From the U.S. vantage point, the Turkish military operation looks like steps undertaken by an increasingly authoritarian leader who seeks to turn his back on the West and align closer to like-minded governments such as Russia.

To Western policymakers – particularly those within the D.C. Beltway – Erdogan increasingly resembles a Latin American tin-pot dictator, one who is moving away from Turkey’s NATO Alliance orientation toward one of mutual understanding with the authoritarian regimes of Russia and Syria.

While certainly not ill-considered, this outlook also overlooks deep-rooted Turkish concerns and political machinations inside Turkey.

The Turkish president – who has steadily worked to consolidate power since first ascending to the prime minister post in March 2003 – is willing to bear the brunt of external opprobrium so long as it serves his internal political calculations.

What forms those calculations?

For starters, there is the Kurdish issue.

Turkey is home to a sizable Kurdish minority constituting nearly 20 percent of the country’s total population. This minority is also without an ethnic home of its own, meaning despite having large populations spilling across borders into Turkey, Syria, Iran and Iraq, the Kurds remain a minority group wherever they reside.

Within its own borders, Turkey has had to contend with a militant Kurdish separatist element, the Kurdish-nationalist Kurdistan Workers’ Party, or PKK. The PKK – an outlawed party labeled a terrorist organization by Turkey, the European Union, Japan, and the United States – represents a national security issue for Turkish authorities, regardless of the political party ruling in Ankara.

In 1984 the PKK launched an insurgency in southeastern Turkey, often using terrorist tactics to try to attain its goal of an independent Kurdistan carved from its native regions in southeastern Turkey, northern Syria, and northern Iraq.  The insurgency lasted 15 years and cost more than 20,000 lives, finally ending in 2000 after the capture of PKK guerrilla leader Abdullah Ocalan.

Because of this, many in Turkey continue to view the Kurdish population as a potential fifth column within national borders. The current offensive has galvanized public opinion behind Erdogan while allowing Turkish authorities to crack down on the pro-Kurdish People’s Democracy Party, the only major political opposition to the military operation and the third-largest party in Turkey’s Parliament.

Hence the current situation is used as an opportunity by the Erdogan government to shut down dissent.

Then there is the ongoing civil conflict in Syria. Since the onset of the fighting in Syria, the Erdogan playbook shifted opportunely from one of increasing closeness to the Assad regime to one of arming insurgents against forces loyal to the Syrian president.  At the same time, burnishing his Muslim bona fides, Erdogan opened Turkey’s borders to the flood of refugees fleeing from the chaos and carnage of Syria.
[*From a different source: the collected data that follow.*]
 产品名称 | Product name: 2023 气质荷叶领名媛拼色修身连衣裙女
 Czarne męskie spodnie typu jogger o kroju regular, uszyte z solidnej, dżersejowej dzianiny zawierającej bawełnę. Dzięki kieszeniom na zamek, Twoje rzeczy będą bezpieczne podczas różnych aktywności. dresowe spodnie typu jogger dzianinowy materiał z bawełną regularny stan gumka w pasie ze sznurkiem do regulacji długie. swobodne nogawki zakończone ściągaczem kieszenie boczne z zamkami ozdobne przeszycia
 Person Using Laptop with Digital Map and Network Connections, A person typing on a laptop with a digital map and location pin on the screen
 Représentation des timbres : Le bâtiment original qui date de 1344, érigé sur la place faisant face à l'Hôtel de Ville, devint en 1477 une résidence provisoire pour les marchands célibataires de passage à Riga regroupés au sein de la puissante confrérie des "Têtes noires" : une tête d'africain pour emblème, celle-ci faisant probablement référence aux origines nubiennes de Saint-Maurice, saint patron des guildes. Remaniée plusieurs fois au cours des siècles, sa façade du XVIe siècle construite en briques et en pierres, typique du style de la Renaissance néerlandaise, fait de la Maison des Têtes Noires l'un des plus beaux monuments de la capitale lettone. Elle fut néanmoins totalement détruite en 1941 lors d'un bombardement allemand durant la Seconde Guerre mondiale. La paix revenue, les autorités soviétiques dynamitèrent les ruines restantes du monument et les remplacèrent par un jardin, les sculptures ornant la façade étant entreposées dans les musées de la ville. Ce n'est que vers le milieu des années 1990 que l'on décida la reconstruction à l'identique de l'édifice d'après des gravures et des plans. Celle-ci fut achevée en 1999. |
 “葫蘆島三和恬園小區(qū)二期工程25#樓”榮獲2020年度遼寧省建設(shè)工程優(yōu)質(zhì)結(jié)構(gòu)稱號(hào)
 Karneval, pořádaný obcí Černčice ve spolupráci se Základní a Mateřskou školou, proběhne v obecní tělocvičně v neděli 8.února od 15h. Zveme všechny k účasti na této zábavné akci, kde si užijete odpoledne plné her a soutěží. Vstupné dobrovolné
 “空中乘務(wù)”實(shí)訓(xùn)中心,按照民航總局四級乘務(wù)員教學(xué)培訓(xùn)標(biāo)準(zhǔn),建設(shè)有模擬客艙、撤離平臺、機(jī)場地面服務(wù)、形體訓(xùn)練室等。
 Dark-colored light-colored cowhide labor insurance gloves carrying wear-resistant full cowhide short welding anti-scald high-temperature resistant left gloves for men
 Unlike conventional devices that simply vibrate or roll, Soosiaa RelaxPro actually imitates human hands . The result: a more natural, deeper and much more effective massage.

Ultimately Turkey would absorb some 3.6 million Syrian refugees.

This was all well and good until the Turkish economy began to slow measurably in the face of higher inflation, a rising trade imbalance and external debt, and the depreciation of the Turkish lira against the U.S. dollar.  Suddenly the welcome mat put out by Erdogan – an act of Sunni Muslim charity and solidarity meant for external consumption as much as one of genuine concern – no longer played as well for him domestically.

Erdogan’s steady accumulation of power faced other challenges, too, one in particular more directly existential than a slowdown in economic growth.

First, his Justice and Development Party saw its parliamentary majority diminish in 2015, forcing Erdogan to align with the far-right Nationalist Movement Party (MHP), which strongly opposes any hint of Kurdish nationalism.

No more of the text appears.